Find the line containing "Children are actively", then print it and each following line through the end of the records, exactly and with nothing added; leave out any pictures.

Records contained in a dataset:
☆ ☆ ☆ ☆
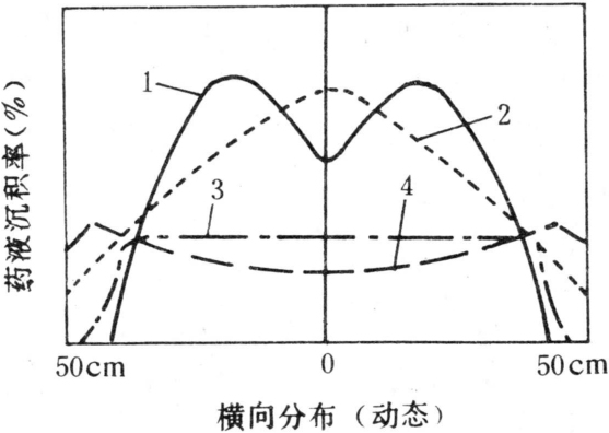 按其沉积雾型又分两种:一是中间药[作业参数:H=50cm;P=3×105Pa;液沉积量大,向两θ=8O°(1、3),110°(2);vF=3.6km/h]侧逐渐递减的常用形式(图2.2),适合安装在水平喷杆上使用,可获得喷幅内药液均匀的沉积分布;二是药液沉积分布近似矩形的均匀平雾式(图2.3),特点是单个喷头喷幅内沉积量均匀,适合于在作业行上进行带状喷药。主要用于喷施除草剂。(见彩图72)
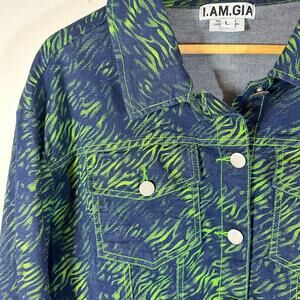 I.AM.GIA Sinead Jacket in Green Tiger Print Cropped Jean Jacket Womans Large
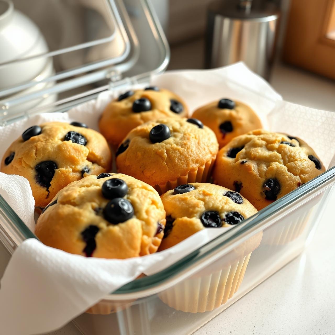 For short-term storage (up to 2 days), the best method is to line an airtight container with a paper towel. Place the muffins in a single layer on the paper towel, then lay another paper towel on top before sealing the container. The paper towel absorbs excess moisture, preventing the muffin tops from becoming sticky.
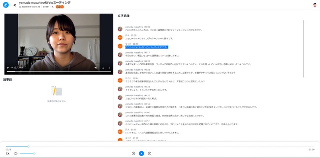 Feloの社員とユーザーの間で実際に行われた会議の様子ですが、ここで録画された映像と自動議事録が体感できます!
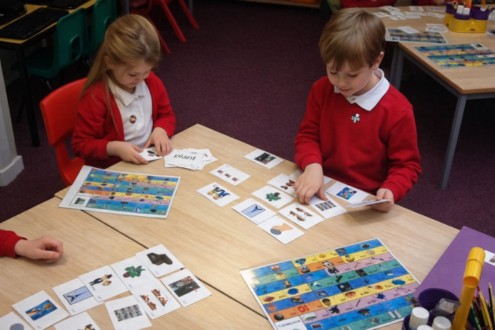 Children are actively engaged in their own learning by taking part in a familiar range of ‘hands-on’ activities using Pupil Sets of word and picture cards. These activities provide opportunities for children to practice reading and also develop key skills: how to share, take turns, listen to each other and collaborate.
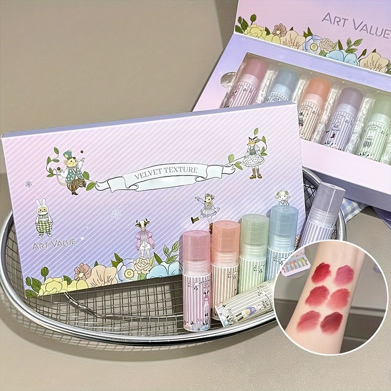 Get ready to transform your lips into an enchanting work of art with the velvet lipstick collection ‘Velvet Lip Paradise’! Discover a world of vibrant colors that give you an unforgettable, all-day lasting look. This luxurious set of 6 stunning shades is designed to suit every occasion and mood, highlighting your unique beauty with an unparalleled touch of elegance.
☆ ☆ ☆ ☆
Response for this exercise =>
 Children are actively engaged in their own learning by taking part in a familiar range of ‘hands-on’ activities using Pupil Sets of word and picture cards. These activities provide opportunities for children to practice reading and also develop key skills: how to share, take turns, listen to each other and collaborate.
 Get ready to transform your lips into an enchanting work of art with the velvet lipstick collection ‘Velvet Lip Paradise’! Discover a world of vibrant colors that give you an unforgettable, all-day lasting look. This luxurious set of 6 stunning shades is designed to suit every occasion and mood, highlighting your unique beauty with an unparalleled touch of elegance.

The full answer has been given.